Records from a dataset:
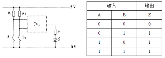 1、填空题  下图是应用某种逻辑电路制作的车门报警电路.图中的两个按钮开关分别装在汽车的两扇门上.只要任何一个开关处于开路状态(输入为逻辑1),那么输出也是逻辑1,发光二极管(警报灯)就发光.
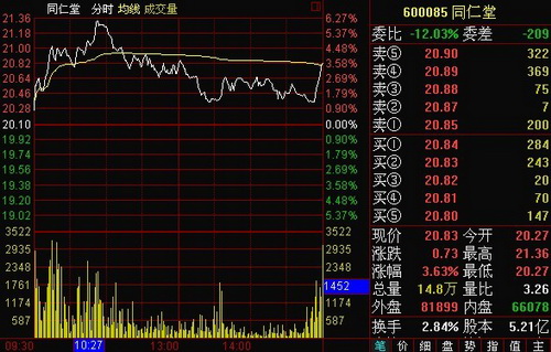 同仁堂在經歷了上一個交易的大跌后,12月18日走出逆市上漲行情。早盤稍稍高開之后便一路沖高,最高漲幅超過6%,成交量亦迅速放大,雖然午后漲幅被打壓下來,但尾盤仍然高收3.63%,至每股20.83元。而據和訊網18日早盤間報道稱,從盤口觀察,該股18日開盤明顯有機構資金重倉介入,從而刺激股價大幅飆升。
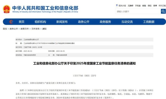 工業和信息化部近日印發2025年度國家工業節能監察任務清單,確定2025年度工業節能監察任務2797家企業,包括鋼鐵、煉化、合成氨、水泥、電解鋁、數據中心等重點行業領域能效專項監察2590家企業,2024年度違規企業整改落實情況專項監察207家企業。
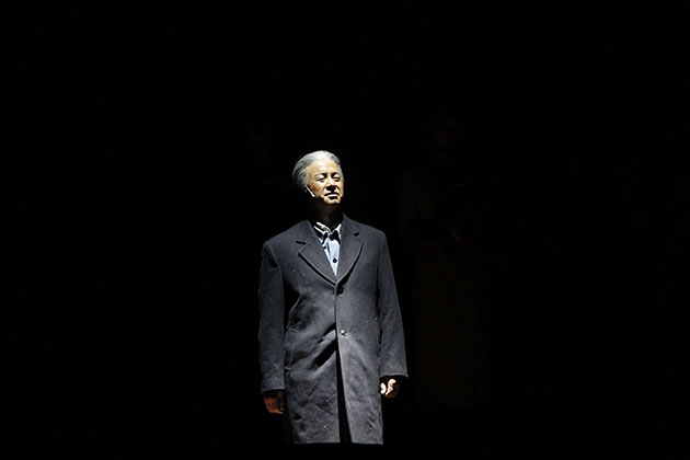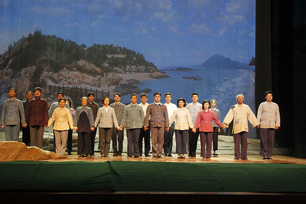 “先祭谷公,再祭祖宗!”话剧在意涵深长的独白和意蕴悠远的音乐中拉开序幕。本次在伟德国际1946bv官网上演的《谷文昌》加入“梦想”这条主线,以此作为谷文昌情感和行动之间的贯穿线,使戏剧的逻辑更严密,结构更完善。话剧以倒叙的手法,回溯福建东山县原县委书记谷文昌同志平凡而伟大的一生。在工作上,谷文昌同志来到一穷二白的东山,面对漫天的黄沙,他立志让“荒岛”变“宝岛”,打井找水、送衣送粮、恪尽职守,时刻心系百姓;在艰苦卓绝的环境中带领村民在“荒山”上种满了木麻黄,力排众议将“敌伪家属”更名为“兵灾家属”,让每个人享受平等待遇,赋予每个人平等权利;三顾茅庐礼贤下士,与东山百姓一起携手抗沙。经过十四年的努力,谷文昌同志将一个百年来风沙成灾的荒岛变成了海上绿洲;把原本黄沙漫天的东山改造成了如今绿树青山、安居乐业的盛景。在生活中,他是妻子面前“俯首帖耳”的杨宗保,是孩子眼中“克己奉公”的老古板。演出的最后,当绿树覆盖东山岛,重病的谷文昌回到东山,细细地抚摸每一寸树木与土地,老师同学们在谷书记深深的鞠躬中悄悄擦去了无法抑制的泪水。伴着主题曲《梦圆》响起,全体演员们向观众鞠躬,话剧完美谢幕。
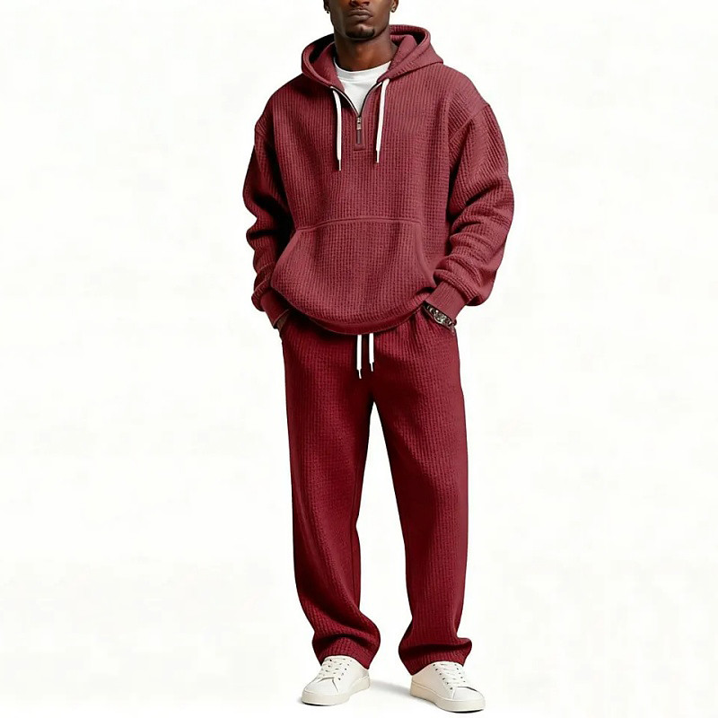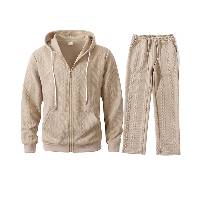 Men's Tracksuit Hoodie Pants Outfit Set Hoodies Set Hoodie Outdoor Daily Sports Jacquard Drawstring Zip Up Plain Beige Light Blue Polyester Activewear Fashion Streetwear Spring

EXERCISE INSTRUCTIONS: All records are to be reproduced exactly; the pictures are to be omitted.

EXERCISE ANSWER:
 1、填空题  下图是应用某种逻辑电路制作的车门报警电路.图中的两个按钮开关分别装在汽车的两扇门上.只要任何一个开关处于开路状态(输入为逻辑1),那么输出也是逻辑1,发光二极管(警报灯)就发光.
 同仁堂在經歷了上一個交易的大跌后,12月18日走出逆市上漲行情。早盤稍稍高開之后便一路沖高,最高漲幅超過6%,成交量亦迅速放大,雖然午后漲幅被打壓下來,但尾盤仍然高收3.63%,至每股20.83元。而據和訊網18日早盤間報道稱,從盤口觀察,該股18日開盤明顯有機構資金重倉介入,從而刺激股價大幅飆升。
 工業和信息化部近日印發2025年度國家工業節能監察任務清單,確定2025年度工業節能監察任務2797家企業,包括鋼鐵、煉化、合成氨、水泥、電解鋁、數據中心等重點行業領域能效專項監察2590家企業,2024年度違規企業整改落實情況專項監察207家企業。
 “先祭谷公,再祭祖宗!”话剧在意涵深长的独白和意蕴悠远的音乐中拉开序幕。本次在伟德国际1946bv官网上演的《谷文昌》加入“梦想”这条主线,以此作为谷文昌情感和行动之间的贯穿线,使戏剧的逻辑更严密,结构更完善。话剧以倒叙的手法,回溯福建东山县原县委书记谷文昌同志平凡而伟大的一生。在工作上,谷文昌同志来到一穷二白的东山,面对漫天的黄沙,他立志让“荒岛”变“宝岛”,打井找水、送衣送粮、恪尽职守,时刻心系百姓;在艰苦卓绝的环境中带领村民在“荒山”上种满了木麻黄,力排众议将“敌伪家属”更名为“兵灾家属”,让每个人享受平等待遇,赋予每个人平等权利;三顾茅庐礼贤下士,与东山百姓一起携手抗沙。经过十四年的努力,谷文昌同志将一个百年来风沙成灾的荒岛变成了海上绿洲;把原本黄沙漫天的东山改造成了如今绿树青山、安居乐业的盛景。在生活中,他是妻子面前“俯首帖耳”的杨宗保,是孩子眼中“克己奉公”的老古板。演出的最后,当绿树覆盖东山岛,重病的谷文昌回到东山,细细地抚摸每一寸树木与土地,老师同学们在谷书记深深的鞠躬中悄悄擦去了无法抑制的泪水。伴着主题曲《梦圆》响起,全体演员们向观众鞠躬,话剧完美谢幕。
 Men's Tracksuit Hoodie Pants Outfit Set Hoodies Set Hoodie Outdoor Daily Sports Jacquard Drawstring Zip Up Plain Beige Light Blue Polyester Activewear Fashion Streetwear Spring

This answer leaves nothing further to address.